Arguably the greatest advance in medicine since Medieval times may be the strict distinction between symptoms and causes. From Berer et al. it is beginning to look like multiple sclerosis being an illness not of the human patient bearing the symptoms but really of his gut microbiome.
I don’t get Kupferschmidt at all. Who cares if a twit, sorry tweater, is a bot or a human? If all they have to say are
“retweets”, emoticons, exclamation marks, and meaningless one-liners, who in his right might is going to take any notice of that junk anyway? Is a robot author really any worse than an idiot?
During the past couple of years the large and growing replication crisis has been featured in numerous articles. It seems that finally and with the help of selfless lawyers, totally devoid of any monetary considerations for themselves, science has found the answer.
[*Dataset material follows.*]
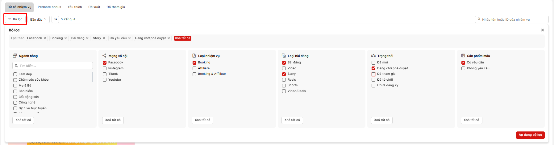 - Hệ thống cho phép lọc theo các tiêu chí:

As Marcus reports, experimental methods can now be placed under copyright and others cannot or must not replicate them, unless they pay a steep license fee first. Otherwise journals may bow to pressure and retract entire articles. What surprises me is that according to Marcus nobody, not a single large and well endowed university has let it go to court and have it decided there. The all caved in to bullying.
The new and careful redating of Vindija as reported by Hublin and Devièse et al. finally confirms what Weninger and colleagues had already predicted in 2011 (Jöris 2011, list of 2015-12-28).
Not that it was very plausible before, but Boxell et al. totally disprove the pretext conjured up to justify Germany’s new censorship law.